Sous couvert du comique, nous voyons surgir ici les débuts de l’absurde, avec
l’utilisation d’un mythe antique dans le monde contemporain.
Mais en 1917, le travail trop subversif d’Apollinaire a scandalisé l’opinion
publique. Pourtant en 1939, Francis Poulenc, à la recherche d’un livret d’opéra
depuis déjà quelques années, sera persuadé qu’il tient avec Les Mamelles de
Tirésias « le seul livret d’opéra viable ». Avec l’accord et les conseils de la veuve
d’Apollinaire, il aménage donc la pièce en livret.

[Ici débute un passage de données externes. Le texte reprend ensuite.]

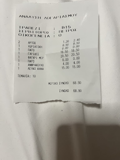 We’ve ordered Greek salad, Mussels saganaki and a risotto. I don’t recommend the mussels, they were with the shells and there were many broken shells inside, there were also many papers in the sauce. I also don’t recommend the house wine, everything else was very tasty ☺️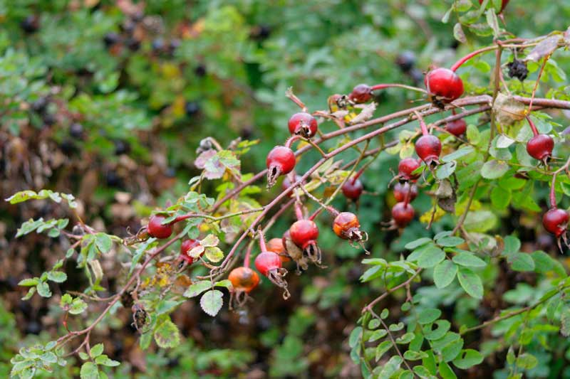 Höst: Pimpinellrosor står gröna länge och flera sorter får fina höstfärger samt runda svarta nypon, som är dekorativa. Ingen annan ros får så mörka nypon.

Le groupe des Six, la vie parisienne, le music-hall, le cabaret, la foire et le cirque,
l'opérette, Nogent sur Marne, la valse-musette ainsi qu'une prise de conscience
religieuse liée au décès d'un proche, sont autant d'influences sur l'écriture des
Mamelles de Tirésias, auxquelles s'ajoutent le texte surréaliste, la fantaisie et le
lyrisme d'Apollinaire dont Poulenc parle ainsi:
« Le poème de Guillaume Apollinaire pour Les Mamelles de Tirésias [plus
proche en cela de Verlaine], plein d’arrière-plans poétiques, ne tombe jamais
dans un humour à fleur de peau.
C’est ce dont je me suis persuadé, encore hier, en relisant les épreuves de ma
partition. *J’ai d’ailleurs composé cette œuvre avec l’instinct et le cœur bien
plus qu’avec l’intellect. Musiques gaies [et] musiques bouffes ne sont pas
forcément humoristiques.] Il faudra donc chanter, d’un bout à l’autre, les
Mamelles comme du Verdi. Cela ne sera peut-être pas très facile à faire
comprendre aux interprètes, qui s’en tiennent généralement à l’apparence des
choses ».
Francis Poulenc, Journal de mes mélodies, éditions Renaud Machart.